_Data below_
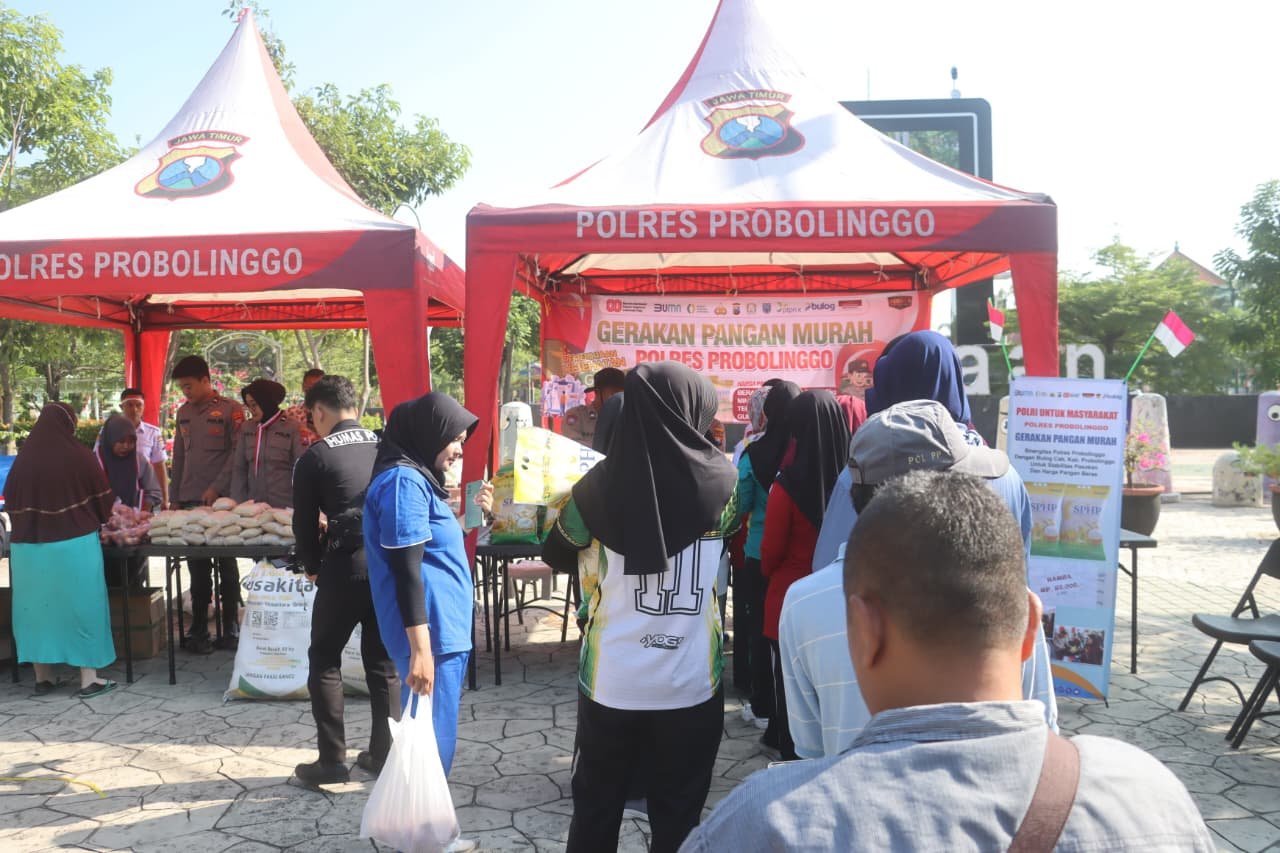 PROBOLINGGO,- Polres Probolinggo Polda Jawa Timur (Jatim) bersama Polsek jajaran menggelar Gerakan Pangan Murah di Kabupaten Probolinggo, Kamis (21/8/2025).
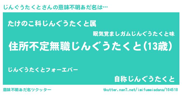 | 胡散臭い通販商品みたいなあだ名 | 『ハリウッド女優が絶賛した100年もののヴィンテージワイン…その名も「じんぐうたくと」』 |
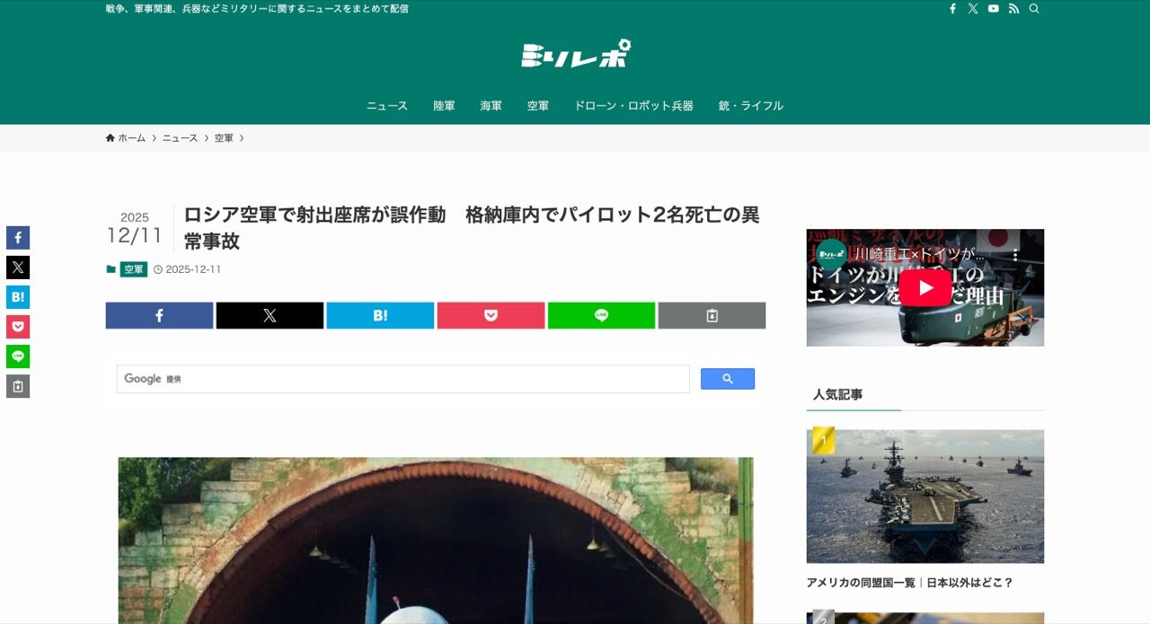 ロシア国内の空軍基地で、極めて異例かつ深刻な航空事故が発生しました。駐機中の軍用機内で射出座席が突発的に作動し、搭乗していた乗員2名が死亡したと、複数の海外情報筋が報じています。この事故は、ロシア航空宇宙軍における安全管理体制の脆弱性を改めて浮き彫りにするものであり、大きな波紋を広げています。

_What is being asked_
Repeat the material exactly as it reads, without any of its pictures.

_Solution to the exercise_
 PROBOLINGGO,- Polres Probolinggo Polda Jawa Timur (Jatim) bersama Polsek jajaran menggelar Gerakan Pangan Murah di Kabupaten Probolinggo, Kamis (21/8/2025).
 | 胡散臭い通販商品みたいなあだ名 | 『ハリウッド女優が絶賛した100年もののヴィンテージワイン…その名も「じんぐうたくと」』 |
 ロシア国内の空軍基地で、極めて異例かつ深刻な航空事故が発生しました。駐機中の軍用機内で射出座席が突発的に作動し、搭乗していた乗員2名が死亡したと、複数の海外情報筋が報じています。この事故は、ロシア航空宇宙軍における安全管理体制の脆弱性を改めて浮き彫りにするものであり、大きな波紋を広げています。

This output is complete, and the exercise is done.